PROMPT »
Look through the listing below for the line with "Camiseta Listrada Solta" and the line with "Pictured: Eric Wilcox;". Copy both, along with every line between them, exactly and with no pictures.

THE DATA »
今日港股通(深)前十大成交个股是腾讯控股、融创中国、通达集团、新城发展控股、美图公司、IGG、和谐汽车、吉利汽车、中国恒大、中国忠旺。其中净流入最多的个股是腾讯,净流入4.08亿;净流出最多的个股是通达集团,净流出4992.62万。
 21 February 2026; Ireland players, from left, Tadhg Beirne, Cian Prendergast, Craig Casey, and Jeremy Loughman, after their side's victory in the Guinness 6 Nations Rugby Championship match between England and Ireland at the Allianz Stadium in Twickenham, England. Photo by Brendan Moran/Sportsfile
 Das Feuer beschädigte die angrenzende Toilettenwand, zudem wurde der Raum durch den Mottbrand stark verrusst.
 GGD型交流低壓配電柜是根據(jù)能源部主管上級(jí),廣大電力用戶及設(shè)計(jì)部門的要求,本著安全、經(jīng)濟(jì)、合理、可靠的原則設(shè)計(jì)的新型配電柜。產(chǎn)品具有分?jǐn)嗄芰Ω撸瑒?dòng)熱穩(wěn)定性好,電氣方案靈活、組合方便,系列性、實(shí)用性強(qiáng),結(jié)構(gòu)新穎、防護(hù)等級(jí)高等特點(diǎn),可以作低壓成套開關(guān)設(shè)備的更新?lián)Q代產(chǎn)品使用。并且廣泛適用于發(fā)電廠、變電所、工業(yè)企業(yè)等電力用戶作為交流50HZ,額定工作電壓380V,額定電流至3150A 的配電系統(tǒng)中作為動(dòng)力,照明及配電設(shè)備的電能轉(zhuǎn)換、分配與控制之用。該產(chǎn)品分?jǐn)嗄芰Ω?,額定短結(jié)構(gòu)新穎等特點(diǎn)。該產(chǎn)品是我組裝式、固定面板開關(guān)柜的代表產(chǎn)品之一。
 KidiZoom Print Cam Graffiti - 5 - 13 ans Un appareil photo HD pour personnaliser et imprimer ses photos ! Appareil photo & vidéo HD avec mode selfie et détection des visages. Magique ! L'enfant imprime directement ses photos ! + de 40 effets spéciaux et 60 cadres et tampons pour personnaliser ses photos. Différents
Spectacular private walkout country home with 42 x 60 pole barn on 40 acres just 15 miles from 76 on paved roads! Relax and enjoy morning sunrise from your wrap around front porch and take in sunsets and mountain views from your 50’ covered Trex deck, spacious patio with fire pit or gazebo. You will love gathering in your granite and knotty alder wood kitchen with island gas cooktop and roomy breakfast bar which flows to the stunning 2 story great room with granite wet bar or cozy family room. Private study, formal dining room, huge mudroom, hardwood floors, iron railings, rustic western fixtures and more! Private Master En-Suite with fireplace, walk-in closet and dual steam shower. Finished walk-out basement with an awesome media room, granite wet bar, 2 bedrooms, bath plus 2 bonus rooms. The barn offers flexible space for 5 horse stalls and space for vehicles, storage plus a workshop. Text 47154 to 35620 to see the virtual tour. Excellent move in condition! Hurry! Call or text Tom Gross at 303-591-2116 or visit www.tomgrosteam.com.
---
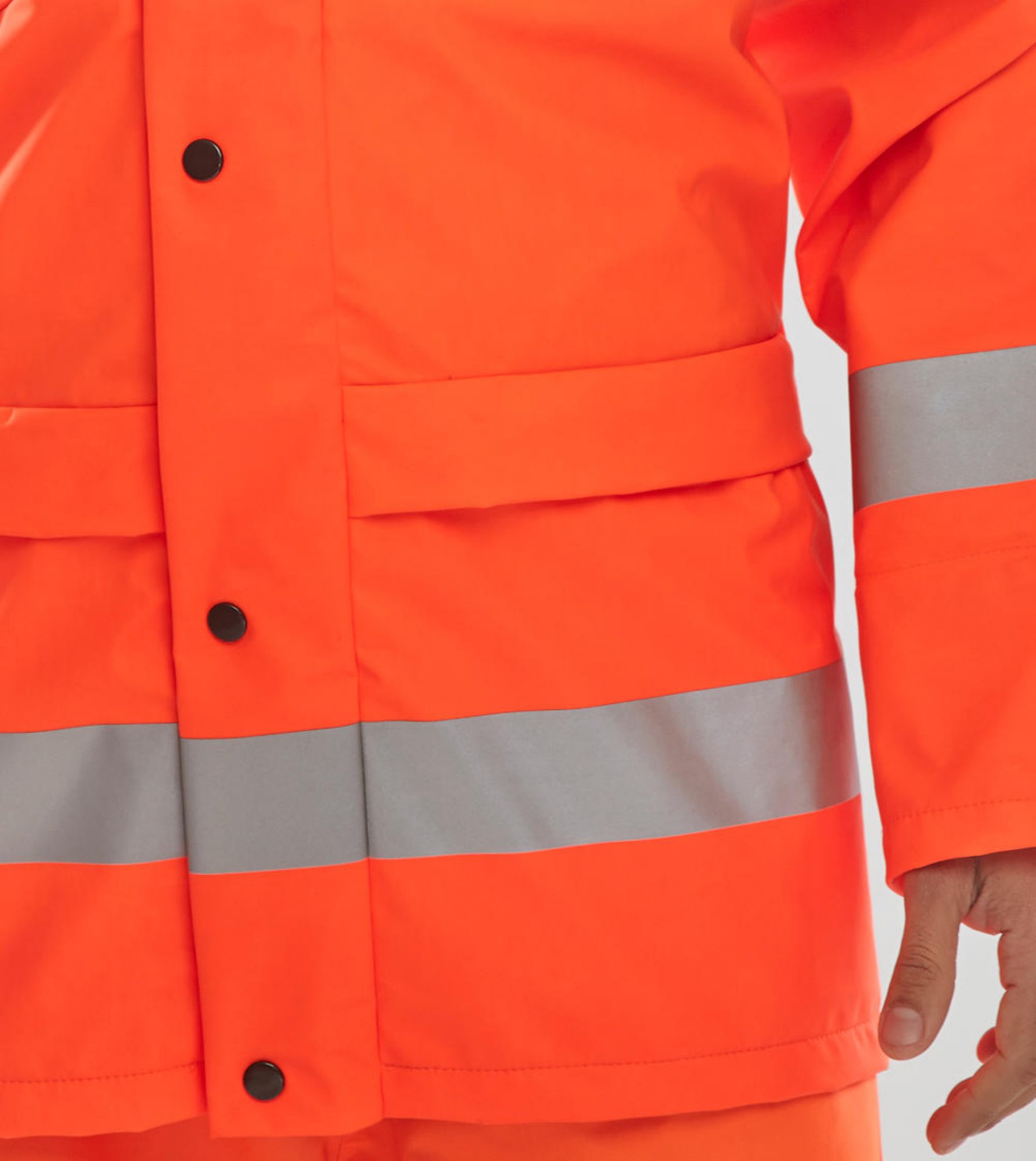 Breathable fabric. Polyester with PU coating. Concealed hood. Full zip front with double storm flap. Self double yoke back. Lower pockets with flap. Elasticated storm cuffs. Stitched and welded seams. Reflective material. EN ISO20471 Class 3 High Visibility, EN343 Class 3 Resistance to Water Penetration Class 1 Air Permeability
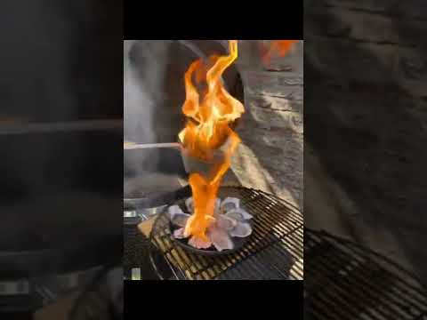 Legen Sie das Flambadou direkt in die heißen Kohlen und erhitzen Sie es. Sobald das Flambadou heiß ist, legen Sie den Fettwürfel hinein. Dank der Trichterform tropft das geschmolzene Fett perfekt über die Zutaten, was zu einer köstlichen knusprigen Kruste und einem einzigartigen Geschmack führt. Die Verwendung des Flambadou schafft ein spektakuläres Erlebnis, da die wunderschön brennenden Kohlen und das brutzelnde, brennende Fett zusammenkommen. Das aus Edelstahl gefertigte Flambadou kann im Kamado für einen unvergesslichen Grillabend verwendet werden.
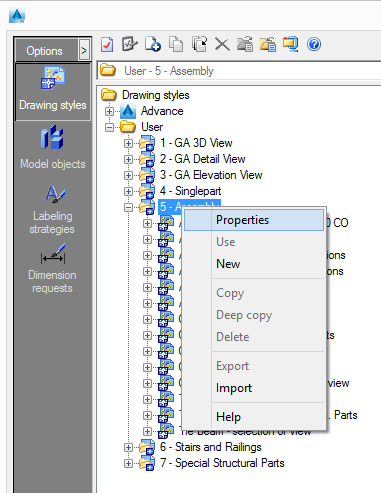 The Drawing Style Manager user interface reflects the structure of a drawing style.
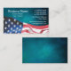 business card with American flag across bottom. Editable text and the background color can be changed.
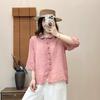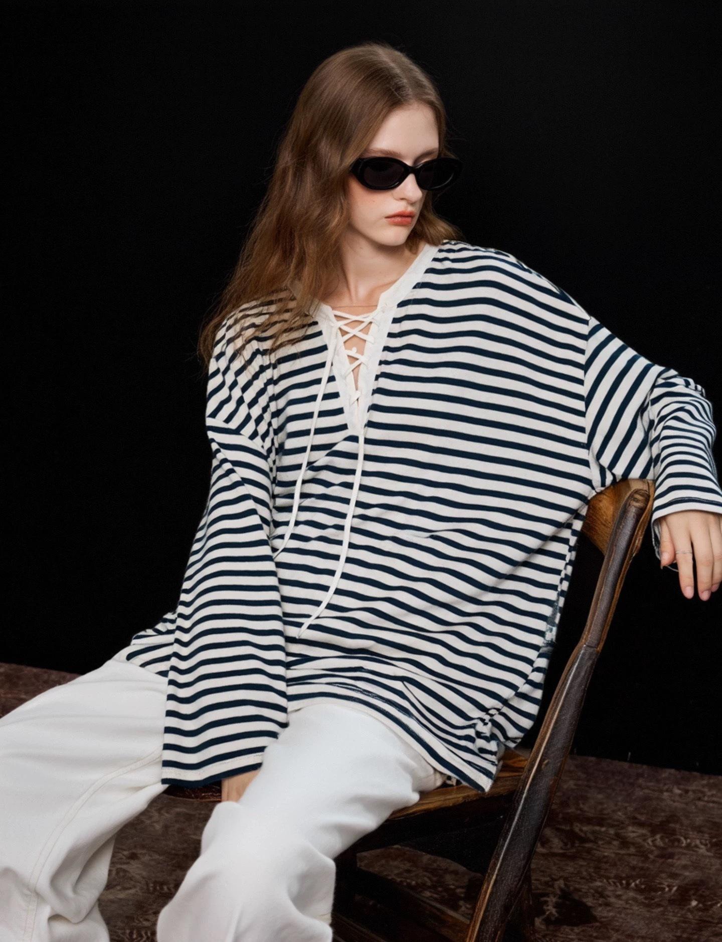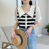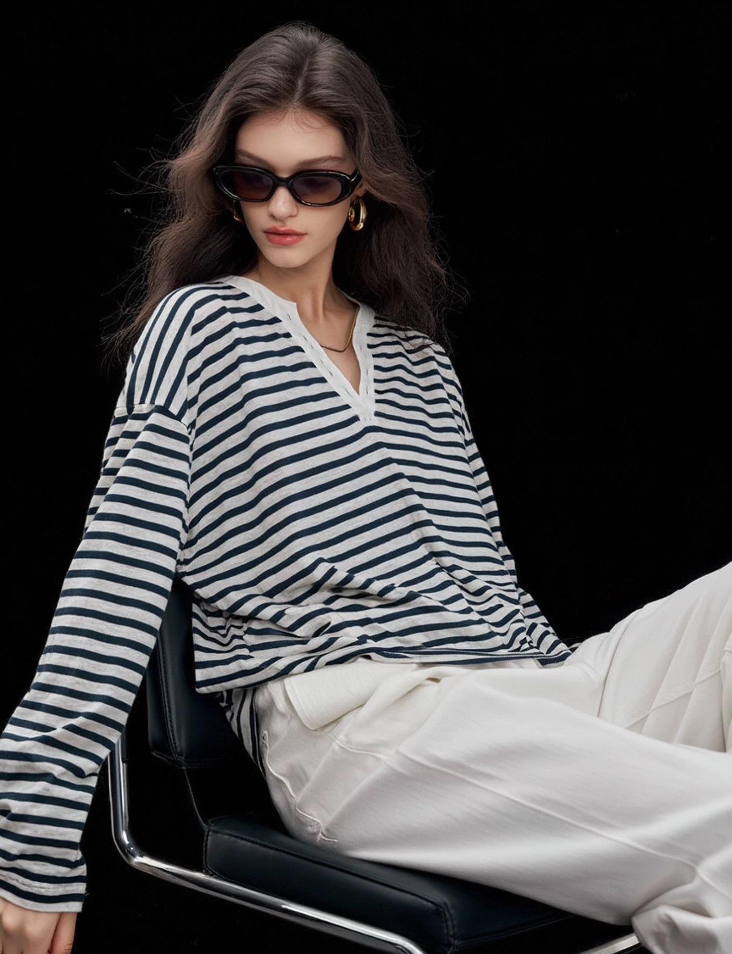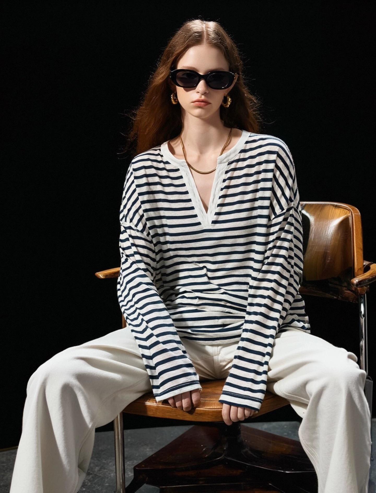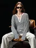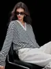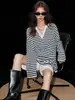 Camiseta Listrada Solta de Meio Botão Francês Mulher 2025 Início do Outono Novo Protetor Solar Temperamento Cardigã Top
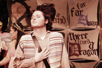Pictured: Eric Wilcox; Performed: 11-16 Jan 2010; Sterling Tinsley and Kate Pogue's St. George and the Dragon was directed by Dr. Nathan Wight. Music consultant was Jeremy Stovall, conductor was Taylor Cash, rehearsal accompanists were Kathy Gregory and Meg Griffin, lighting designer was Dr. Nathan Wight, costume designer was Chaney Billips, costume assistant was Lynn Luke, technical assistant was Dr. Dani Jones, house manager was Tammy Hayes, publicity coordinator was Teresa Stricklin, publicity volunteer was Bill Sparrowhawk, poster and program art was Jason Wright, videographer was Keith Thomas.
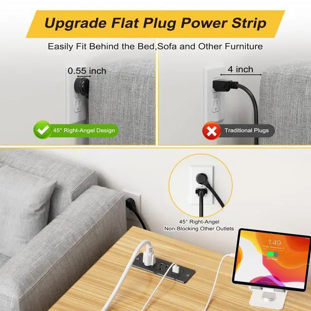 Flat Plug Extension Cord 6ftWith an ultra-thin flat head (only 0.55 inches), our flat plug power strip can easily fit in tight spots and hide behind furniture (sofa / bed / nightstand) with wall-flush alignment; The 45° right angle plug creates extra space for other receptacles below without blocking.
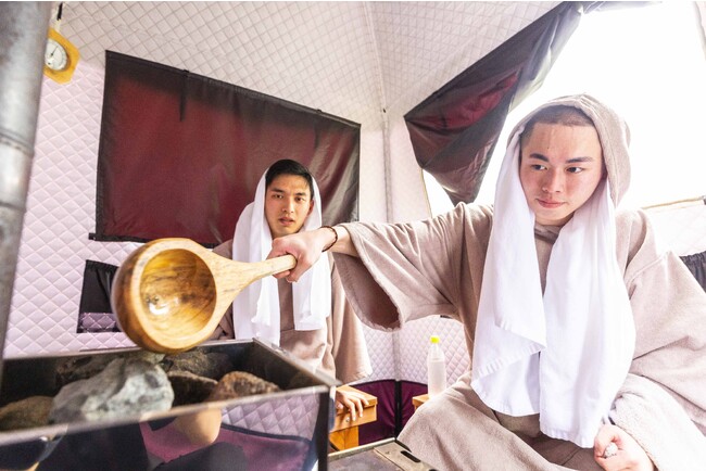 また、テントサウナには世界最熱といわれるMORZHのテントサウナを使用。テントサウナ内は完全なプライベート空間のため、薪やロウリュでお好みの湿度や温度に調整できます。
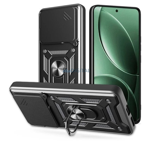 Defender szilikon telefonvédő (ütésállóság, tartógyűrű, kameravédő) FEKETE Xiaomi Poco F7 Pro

COMPLETED EXERCISE »
 Camiseta Listrada Solta de Meio Botão Francês Mulher 2025 Início do Outono Novo Protetor Solar Temperamento Cardigã Top
Pictured: Eric Wilcox; Performed: 11-16 Jan 2010; Sterling Tinsley and Kate Pogue's St. George and the Dragon was directed by Dr. Nathan Wight. Music consultant was Jeremy Stovall, conductor was Taylor Cash, rehearsal accompanists were Kathy Gregory and Meg Griffin, lighting designer was Dr. Nathan Wight, costume designer was Chaney Billips, costume assistant was Lynn Luke, technical assistant was Dr. Dani Jones, house manager was Tammy Hayes, publicity coordinator was Teresa Stricklin, publicity volunteer was Bill Sparrowhawk, poster and program art was Jason Wright, videographer was Keith Thomas.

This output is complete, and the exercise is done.